A 4x4 in HO would basically be a circle unless you went with short rolling stock/engines and you'd have to go with curved sidings as you wouldn't really have any straight sections on the layout.


----------



## Big Ed (Jun 16, 2009)

Here is my small N layout I got from my big sister, she had it set up with a town.
I set up this town in 5 mins, nothing was planned just a throw one here and there. Took 5 mins.

This is 35" x 48".

So you could put a nice layout together with a three x five in N.
I think N has plenty of detail to them.

These are N scale.
Pictures came from this thread, 
http://www.modeltrainforum.com/showthread.php?t=7158&highlight=scale


----------



## SuBXeRo (Jun 28, 2011)

guys, great comparisons. You are right, i think that N scale would be a great size for the setup that i want to do. I like the size of HO scale, possibly something i will try out in the future.

With HO and N scale, how strong are the locomotives? I am sure they have some pretty nice gear reductions but they are small, good pulling power for inclines?


----------



## gunrunnerjohn (Nov 10, 2010)

Well, remember that the N-scale cars typically weigh about an ounce or less. I've seen an N-scale layout at a train show with about 150 cars on it, it was being pulled by three N-scale locomotives. So, I think you can probably pull all the cars you can fit on a layout that size without too much trouble.


----------



## Big Ed (Jun 16, 2009)

How big of an incline are you planning?

Out of all of my assortment of N, they all pull on level ground quite well.
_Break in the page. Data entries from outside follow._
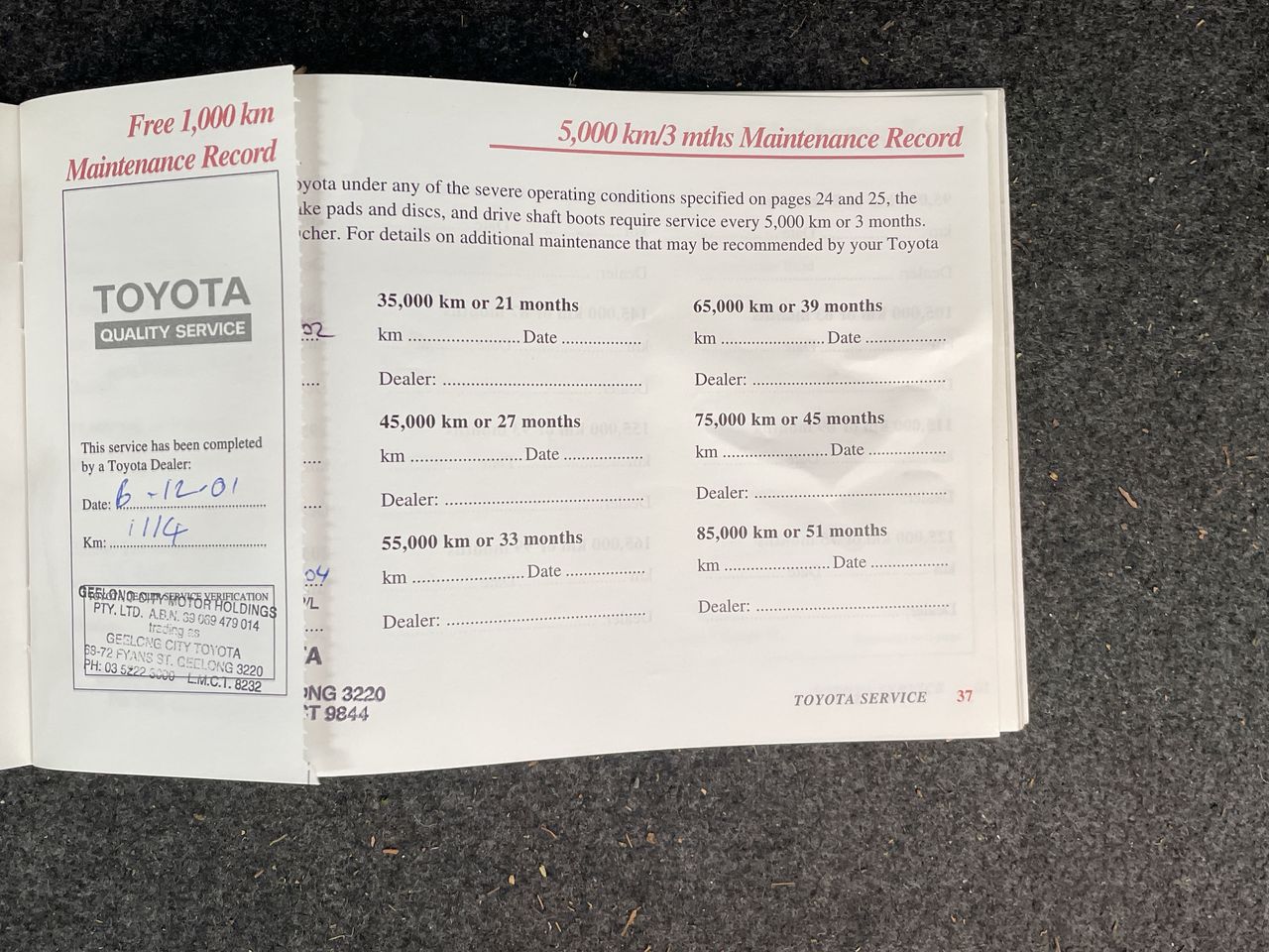 2001 Toyota Corolla Ascent AE112R Manual Sedan
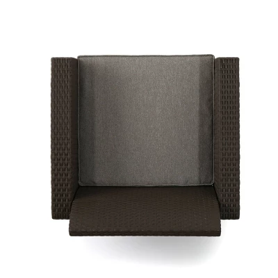 WICKER-LIKE TEXTURE: Our chat set mimics an elegant woven design that brings a homey atmosphere to your outdoor space. Our polypropylene material uses a 3-D pattern to create a texture that has the appearance of wicker and is also made to withstand outdoor weather without rusting or corroding.
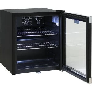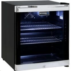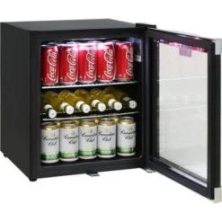 | Tropical rated glass door mini bar fridge, very well built unit with internal fan, chromed shelves, chrome door trims, lockable reversible door and a brilliant finish. Very stable temperature and plenty of shelf adjustments with 1 x full sized and 1 x half sized shelves. Proven already in the market over a long time. |
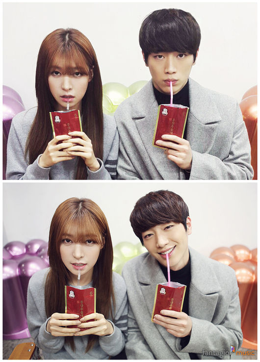 15일 헬로비너스의 공식 트위터에 앨리스와 서강준이 나란히 앉아 건강음료를 마시는 사진이 게재됐다.
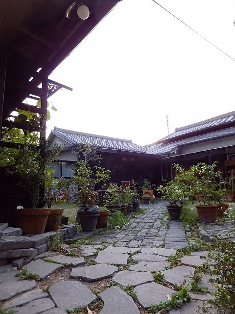 市民会館前の信号から、市民会館に向かって上がり、市民会館ロータリー手前で、左に道なりにさらに上り、左右の未舗装の駐車場の終わるあたりに車を止めて、左手に学童保育所がある路地を左へ降りると、「椿館」と書かれた看板が見えます。

I never really had an N layout, if you read the thread in the link I put in the above post, you will see how I got (stole?) all my N. 

Here is one of my crummy videos for you.
These engines could have pulled more then I have hooked up.
Top of line...I would say is Kato.

These are not Kato engines.

http://www.youtube.com/watch?v=dr8G4l8I6T0

If you cut the base in the shape of the baby grand you could make a nice N scale layout.

Heck...Just tack the track or glue it to the top of it.:laugh::thumbsup:


----------



## SuBXeRo (Jun 28, 2011)

that was a great video. I think i will go with N Scale, i can always jump sizes in the future haha. I didnt have any really steep inclines in mind, i just have a landscape idea in my head but no track layout really.

I was cleaning the basement today, digging out some of my old o27 gear, trying to find my roling stock. I think this christmas they will get setup somewhere, always loved em!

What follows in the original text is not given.